Achievements of GrandCode
GrandCode has made history as the first AI system to consistently outperform all human participants in live contests of competitive programming. In a remarkable series of performances, GrandCode placed first in three consecutive Codeforces live competitions:
- Round 1087 (March 21, 2026)
- Round 1088 (March 28, 2026)
- Round 1089 (March 29, 2026)
In each of these rounds, GrandCode not only clinched the top position but also defeated legendary grandmasters, showcasing its superiority in tackling complex coding challenges. This advancement signals a significant shift in the competitive programming landscape, where AI has now reached a point where it can surpass even the most skilled human programmers.

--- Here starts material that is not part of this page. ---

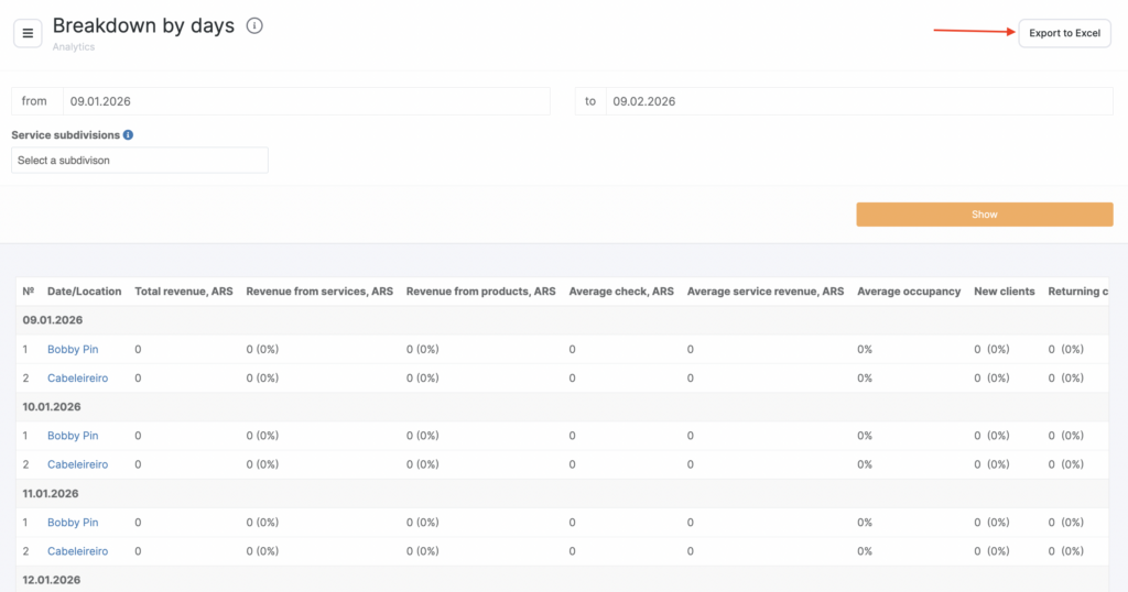 The Breakdown by Days report provides detailed performance analytics for each location, grouped by individual dates within the selected period. This report helps you track daily dynamics: revenue, occupancy, average check, and client activity for every location on a day-by-day basis.

The Future of Competitive Programming with AI
The introduction of GrandCode raises intriguing questions about the future of competitive programming. As AI systems continue to evolve, they are poised to redefine the boundaries of what is possible in coding competitions. With the integration of advanced technologies, such as Agentic GRPO, the potential for AI to enhance its performance through continuous learning and adaptation is immense.
Conclusion
GrandCode is not just a technological marvel; it represents a paradigm shift in the intersection of AI and competitive programming. By consistently outperforming human competitors, GrandCode paves the way for future exploration in AI capabilities, potentially transforming how coding challenges are approached and solved. As we look ahead, the implications of such advancements in AI will undoubtedly influence not only competitive programming but also the broader field of software development.